__WHAT YOU HAVE TO DO__: From the material below, tally every line containing "koljena"; reply with the total only.

__INPUT DATA__:
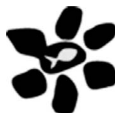
Das Logo der Pfarrgemeinderatswahlen

guten Besuch fest und staunen über die lockere Atmosphäre bei den Gottesdiensten und über die aktive Beteiligung der Anwesenden. Dieses gute Zeugnis darf uns nicht darüber hinwegtäuschen, dass unsere Gemeinde katholischer Christen um ein vieles größer ist als jene, die wir Sonntag für Sonntag zu Gesicht bekommen. Und wir stellen auch schmerzhaft fest, dass sich Jugendliche und oft schon Kinder aus unserem Gemeindeleben zurückziehen.
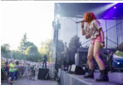
Dni Czeladzi - Dzień pierwszy
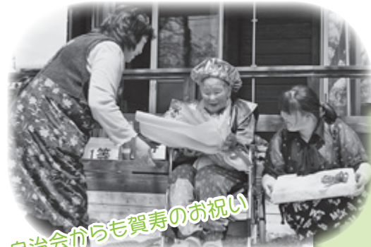
自治会からも賀寿のお祝い
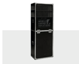
Caisson de soufflage
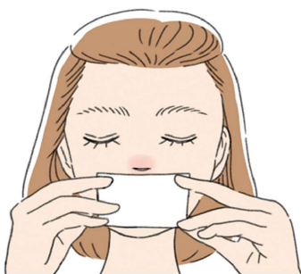
リップケアの前は、お湯で濡らしたコットンなどで唇を温めてからやると効果的♪
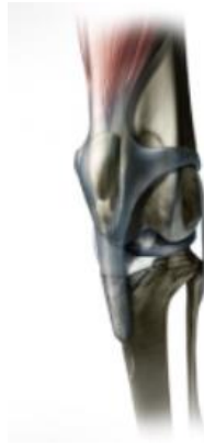
Slika 8. Prikaz skliznute čašice koljena.

Ponekad čašica koljena foksterijera može skliznuti s mjesta. Tada će se primijetiti da trči i odjednom podiže stražnju nogu i preskače ili poskakuje nekoliko koraka. Zatim izbacuje nogu ustranu kako bi čašica koljena iskočila na mjesto, i opet je dobro. Ako je problem blag i uključuje samo jednu nogu, foksterijeru možda neće biti potrebno mnogo liječenja osim lijekova za artritis. Kada su simptomi ozbiljni, može biti potrebna operacija da se čašica koljena ponovno poravna kako ne bi iskočila s mjesta.

__OUTPUT OF THE TASK__: 2